MA sweep mechanics were reported here in terms of "percentage sweep volume recovery". This index showed that patients with normal diastolic function recovered nearly 70% of the end-systolic sweep volume by the end of early diastole, or 10.6 mL in absolute volume, but patients with diastolic dysfunction only recovered 54%, or 6.8 mL. These findings were in rough overall agreement with a prior study that reported an average MA excursion volume of 6 mL in nine healthy subjects [17]. However, this prior study involved subjects with a considerably lower average stroke volume (52 mL vs. 93 mL), which may explain the moderate difference in results. Overall, the CMR parameters discussed here were all consistent in demonstrating blunted early-diastolic MA kinetics in patients with abnormal TDI velocities.

We also investigated the time intervals of the MA sweep volume. The results showed that patients with TTE-based diastolic dysfunction had significantly longer DTSV (144 55 ms) compared to the normal diastolic function group (96 37 ms). ATSV was slightly longer in the diastolic dysfunction group, but the difference was not significant.

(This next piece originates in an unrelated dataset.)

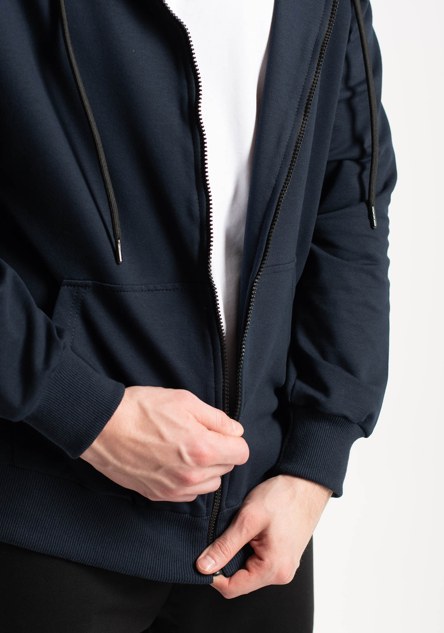 Мужская толстовка с капюшоном на молнии, выполнена из премиального качественного турецкого футера 2-ух нитки без начеса. Модель прямого силуэта, с рукавами реглан, изделие без подкладки. Объём капюшона толстовки регулируется шнуром. На полочке изделия объёмные и вместительные накладные карманы кенгуру. Рельефная эластичная трикотажная резинка по низу изделия и рукавам в одной гармоничной цветовой гамме с основным полотном изделия, но в то же время с мягким контрастом. Трендовый дизайн делает нашу толстовку стильной частью повседневного мужского гардероба. Свободный крой не стесняет Ваших движений. Мужская толстовка на молнии - это стиль, комфорт и практичность. Отличный вариант для занятий спортом, прогулок, рыбалки, охоты, похода и повседневной носки. Толстовку на молнии идеально носить весной, летом и осенью и ею можно заменить ветровку и олимпийку. Она станет лучшим подарком мужу, сыну, любимому или папе. Гладить с изнанки. Стирка при t не более 30С. Деликатный отжим, отбеливание запрещено.

Both findings were consistent with a published TDI study that examined acceleration and deceleration times pertaining to MA velocities (normal DT = 84 ms, diastolic dysfunction DT = 156 to 168 ms) [31].

DSVRT50 was an additional CMR diastolic function parameter, which measured the time needed for the MA to recover 50% of its end systolic sweep volume, adjusted for R-R interval. On average, longer DSVRT50 times were observed in patients with TTE-based diastolic dysfunction. This parameter was analogous to an index used in a prior study named "diastolic volume recovery" [12], which accounted for both heart rate and volume status when assessing diastolic dysfunction in CMR LV volumetric filling. Lastly, it is important to note that PSRE, PSRE/PSRA, and DSVRT50 each independently predicted TTE-based diastolic dysfunction after controlling for age, LVH, HTN, and CAD.

The CMR-derived MA sweep volume was found here to effectively characterize global diastolic function. Prior echocardiography studies have demonstrated that MA excursion volume plays an important role in LV function [17],[38]. In addition, reports have long recognized the relationship between LV long-axis function and MA displacement [39]. For example, the longitudinal MA excursion in diastole envelops and effectively transfers blood from the atrium to the ventricle, separately from the flow of blood across the location of the MA. This can occur even while the blood remains relatively stationary in relation to the apex. Similarly, in atrial systole, the MA is pulled away from the apex by the atrial pectinate muscles, "over" the blood, to facilitate further ventricular filling (and also increasing the ventricular pre-stretch, thus augmenting contractility). As a result, MA excursion is a central component of diastole, along with the transmitral pressure gradient.